▶ Provided information:
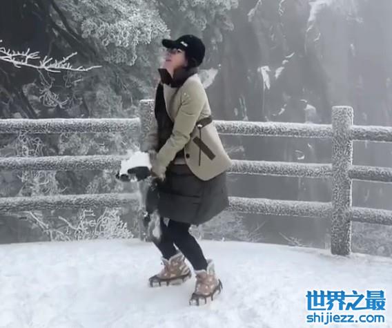 刘嘉玲发文:黄山的第一场雪。接着就是自己玩H的场景,不知道这一次老公梁朝伟有没有跟着她一起到黄山来玩雪。
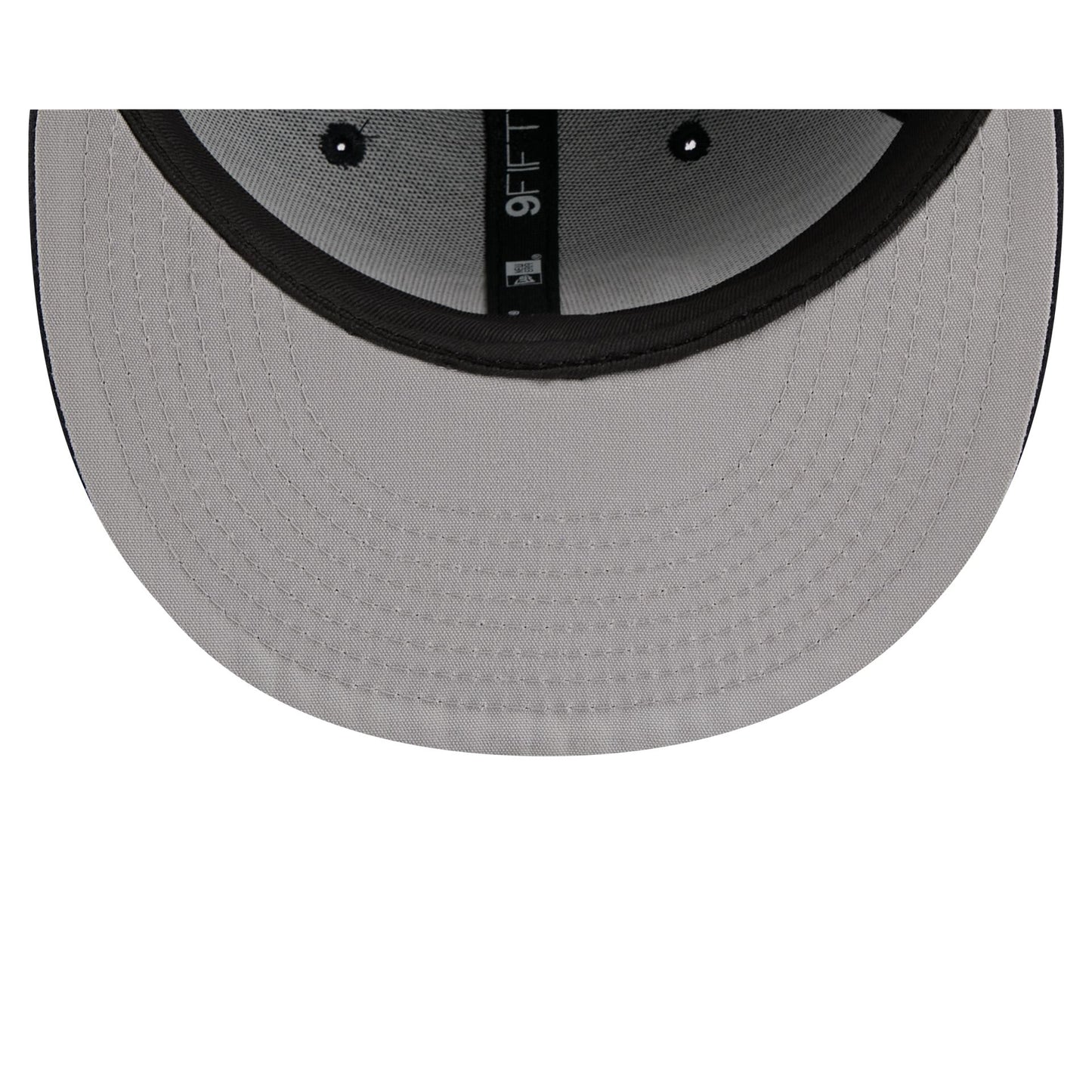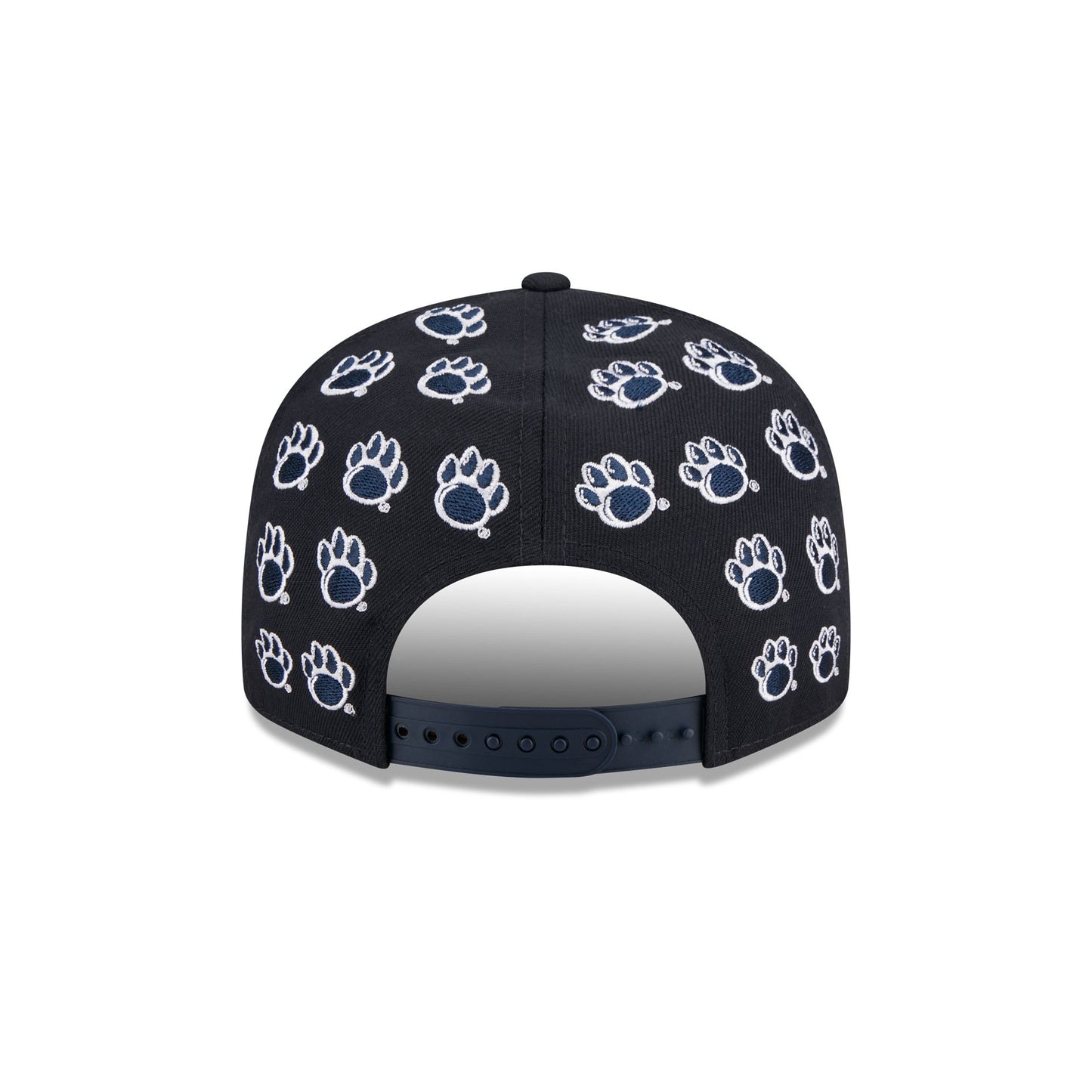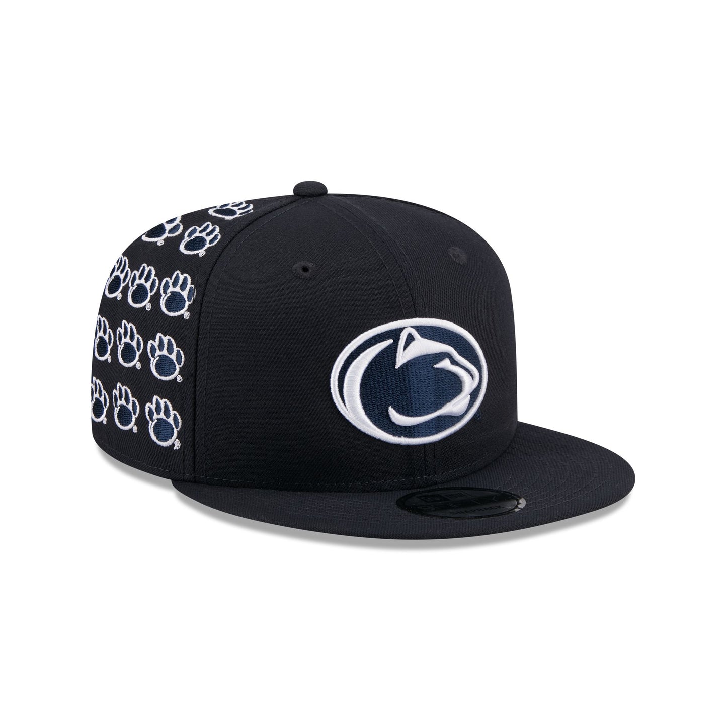 The Penn State Nittany Lions Sticker Helmet 9FIFTY Snapback features an embroidered Nittany Lions logo at the front panels with embroidered team stickers the back panels. Additional details include an adjustable snapback closure at the rear and a gray undervisor.
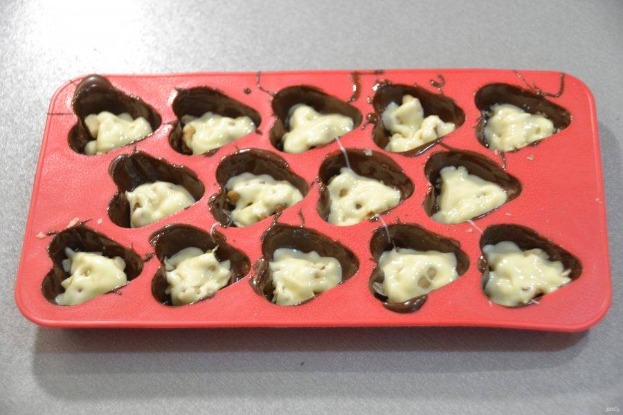 Выровняйте финальный слой шоколада шпателем, отправьте в морозилку минут на 10-15 для застывания.
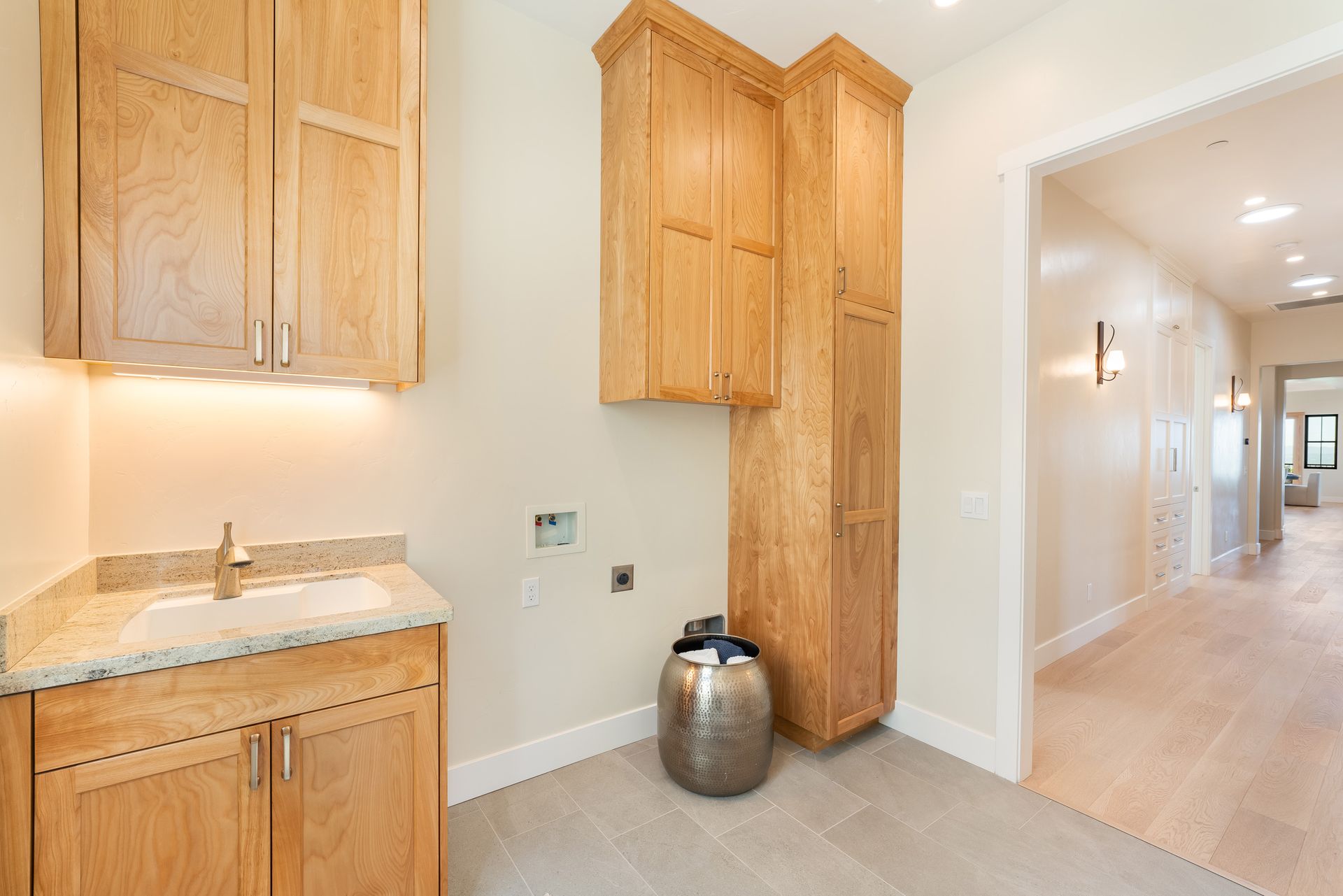 Laundry/mud room with basin, porcelain tile floor and abundant storage cabinets
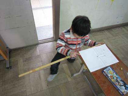 2年生は,長さの学習をしています。今日の2組では,1mってどれくらいなのかを体感しようと,いろいろなところを測っていました。
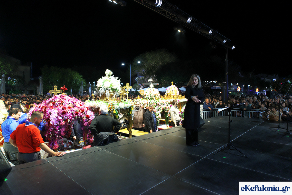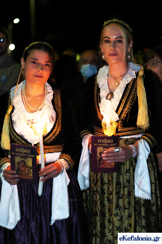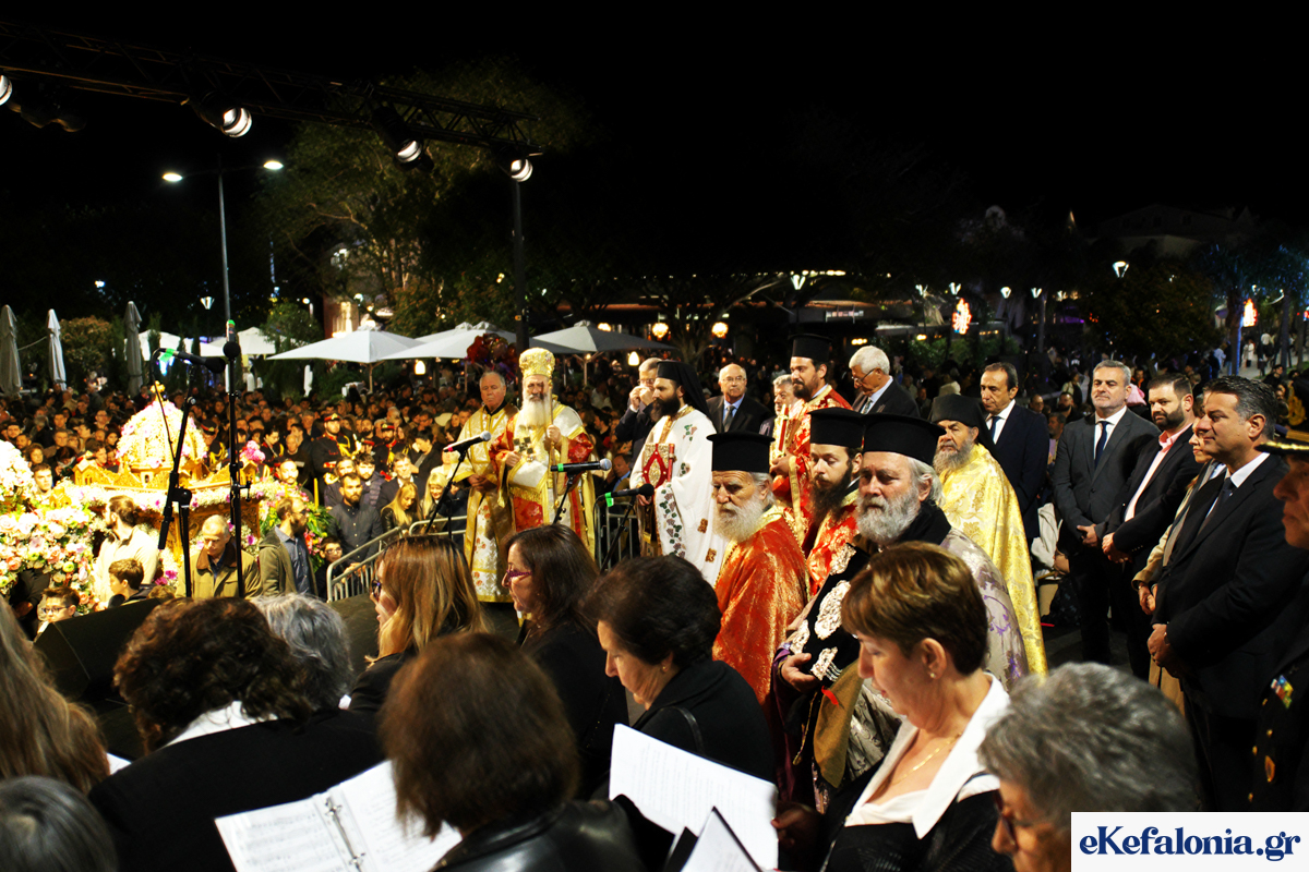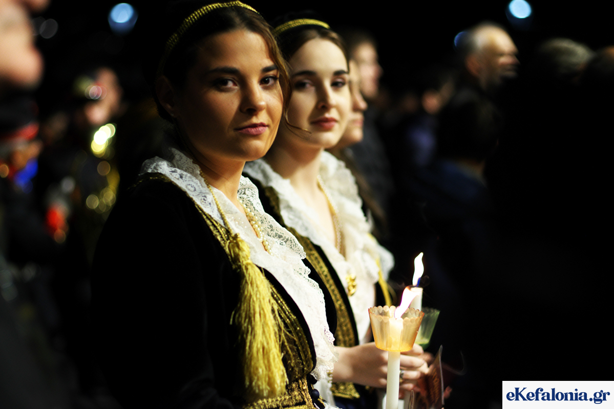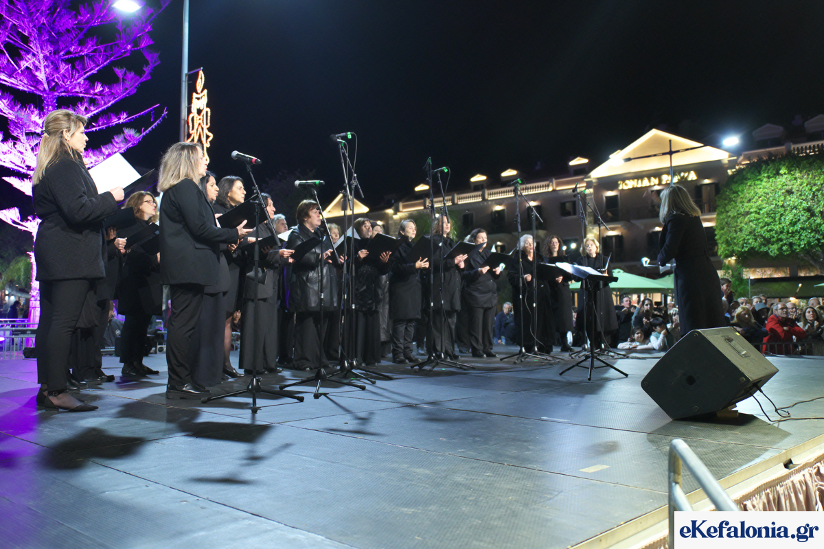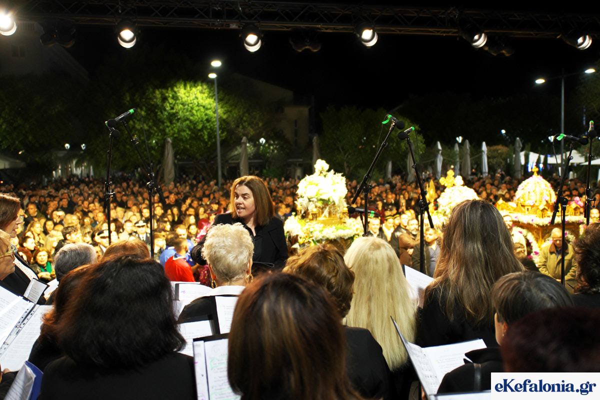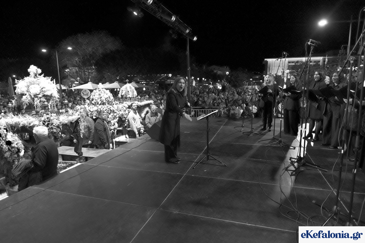 Φέτος, ιδιαίτερο τόνο έδωσε το γυναικείο τμήμα της Χορωδίας Αργοστολίου υπό τη διεύθυνση της Αλεξίας Μαρτσέλου αλλά και τη Γυναικεία Χορωδία του Δήμου Αργοστολίου υπό τη διεύθυνση της Σταυρούλας Πολλάτου έψαλαν τα εγκώμια, στην πλατεία Βαλλιάνου.
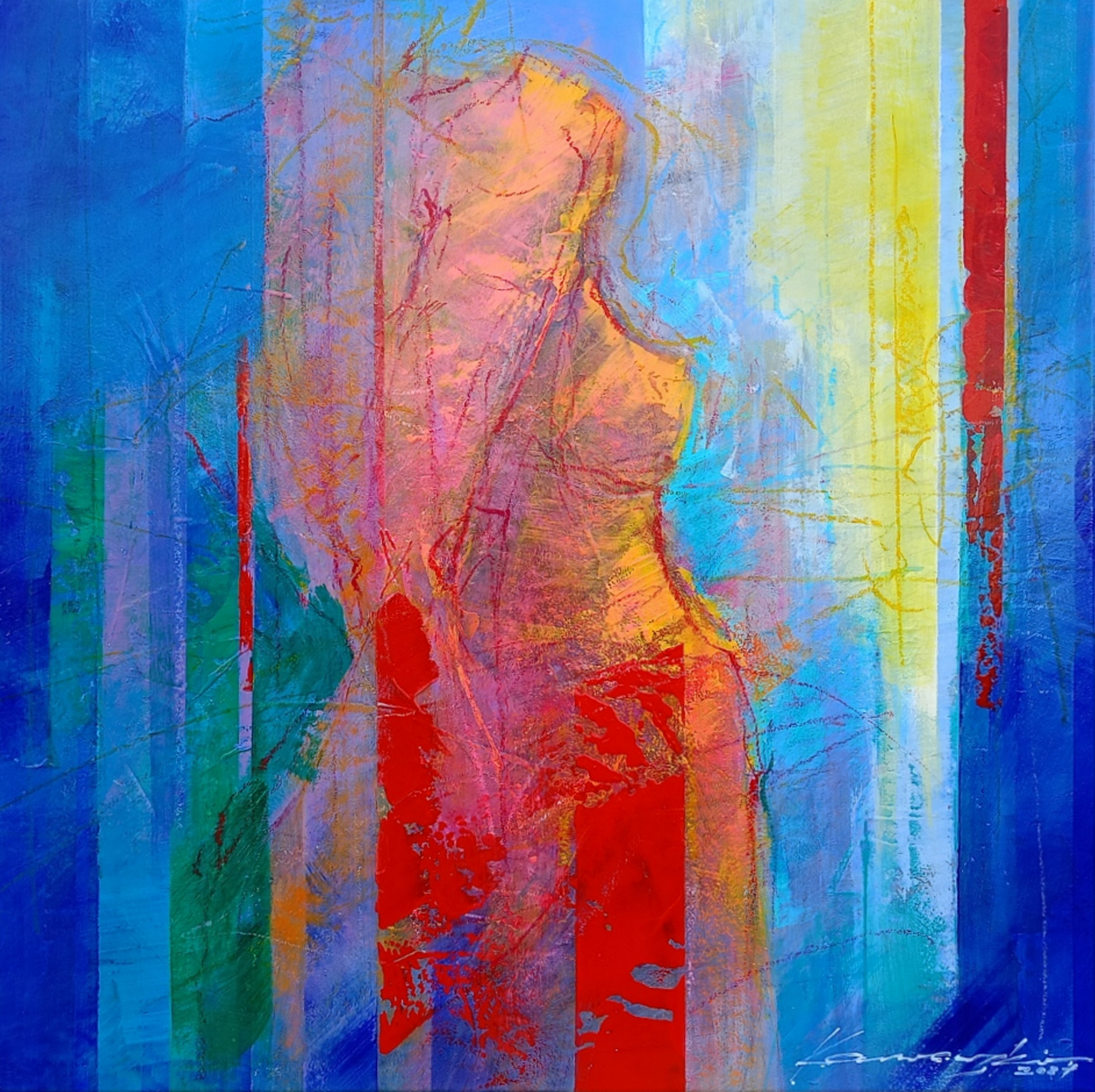 Na obrazie widzimy eksplozję kolorów, które tworzą dynamiczną, niemal abstrakcyjną kompozycję. Dominują odcienie niebieskiego, czerwieni oraz żółci, przeplatające się w sposób przypominający kalejdoskop. Kształty na obrazie są nieco rozmazane, ale można dostrzec sylwetkę, która zdaje się wyłaniać z tła. Nastrój obrazu jest pełen energii, ale też tchnie pewną tajemniczością. Styl artysty przypomina trochę impresjonizm, choć jest tu też wiele z ekspresjonizmu, szczególnie w sposobie, w jaki użyto tych intensywnych kolorów. Technika wydaje się być mieszanką szybkich pociągnięć pędzla oraz subtelnych, zamazanych konturów. Obraz może wywoływać w odbiorcy różnorodne emocje. Może to być zachwyt nad kolorami lub też pewne poczucie zagubienia spowodowane abstrakcją formy. Gdy patrzę na ten obraz, myślę o chaosie i pięknie codziennego życia. "It’s like a rainbow exploded!" - mogłoby powiedzieć dziecko, patrząc na tę niesamowitą gamę kolorów. Patrząc dłużej, zaczynam zastanawiać się, co artysta chciał przekazać. Czy to obraz samotności w tłumie, czy może afirmacja życia? Każdy znajdzie tu coś dla siebie.

▶ Task brief: Each line from the top of the records through the one containing "Выровняйте финальный слой" needs to be transcribed exactly, without pictures.

▶ Solution:
 刘嘉玲发文:黄山的第一场雪。接着就是自己玩H的场景,不知道这一次老公梁朝伟有没有跟着她一起到黄山来玩雪。
 The Penn State Nittany Lions Sticker Helmet 9FIFTY Snapback features an embroidered Nittany Lions logo at the front panels with embroidered team stickers the back panels. Additional details include an adjustable snapback closure at the rear and a gray undervisor.
 Выровняйте финальный слой шоколада шпателем, отправьте в морозилку минут на 10-15 для застывания.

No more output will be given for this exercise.